Yay for living on the edge. I'm trying this new thing where I stop mom-arming people and promote bad decisions. It's working quite well.
Well I just had a 45 minute conversation with a lady who was drunk off her ass complaining about how her 3 sons won't talk to her anymore. No more dive bars.
I woke up to find a bottle of Bacardi in my shower rack. How was your night?
One of my life goals was never to see an uncircumcised dick. I guess that's out the window now.
I haven't heard from him yet. He's either still asleep (which is entirely plausible..... There wasn't much sleeping happening last night) or he's robbing me blind. But I have renters insurance, so either way, I'm ok with it.

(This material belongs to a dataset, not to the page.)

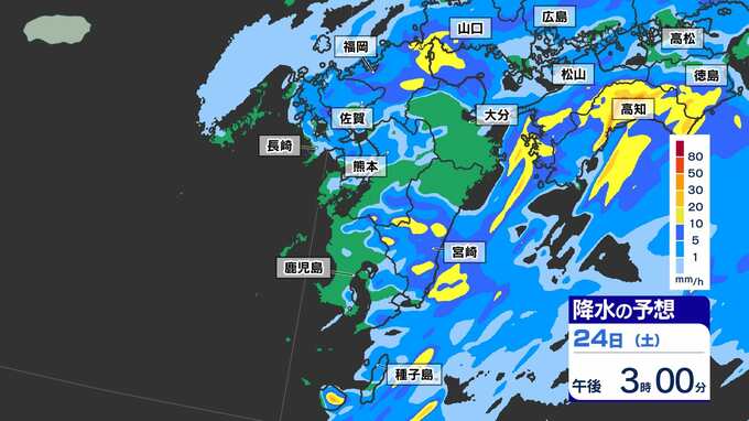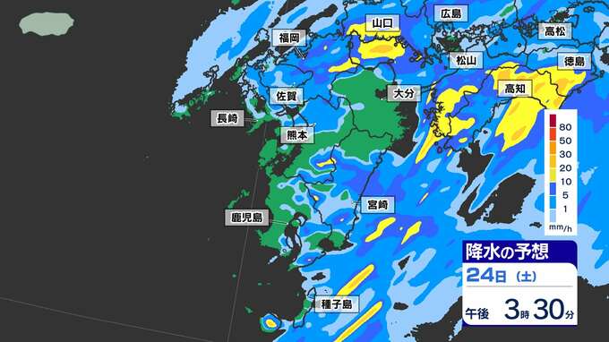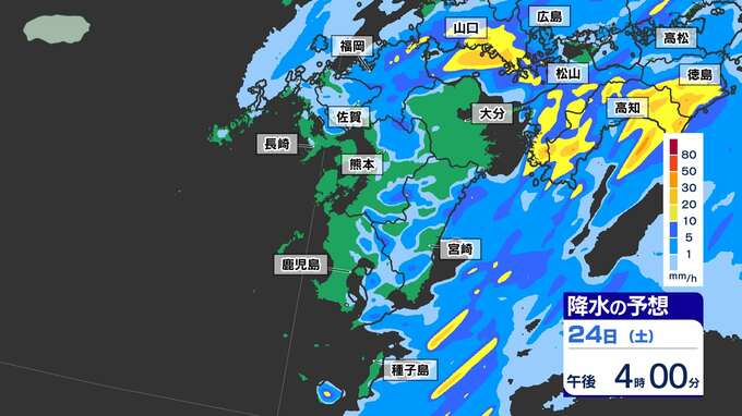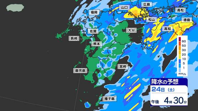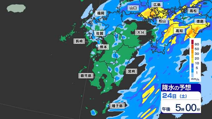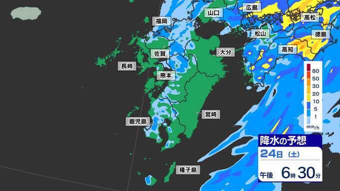 【大雨に関する気象情報】福岡70ミリ 熊本100ミリ 鹿児島120ミリ 警報級大雨おそれ【雨シミュレーション24日(土)~25日(日)/ 警戒が必要な時間帯は】気象台発表詳しく 南日本放送 2025年5月24日(土) 17:30 国内 天気 雨のシミュレーション24日(土)~25日(日) 雨は弱っていく傾向ですが、夕方までは局地的な〈非常に激しい雨〉〈激しい雨〉に、今夜遅くまでは、落雷や竜巻などの激しい突風に注意してください。雨のシミュレーションは、画像で確認できます。

Thanks to you I just drunkenly spot washed a Star Wars hoodie, at midnight on a Friday. If there is a greater level of nerdiness I do not know of its existence
Im getting out of handcuffs then i'll give you a call
These freshmen are fun! The redhead wants to practice her blowjob skills with me and let me rate different moves!
"They won't do it. I'm in the middle of darkness. " and "Probably going to die. I've been walking for 50 minutes in one direction" are the last texts I got from Steve
no no no no you can't just say your dirtiest secret is "i sat on goldfish by accident once" and just leave i have QUESTIONS
AT LEAST TELL ME IF THE GOLDFISH WAS STILL IN A BOWL??????????????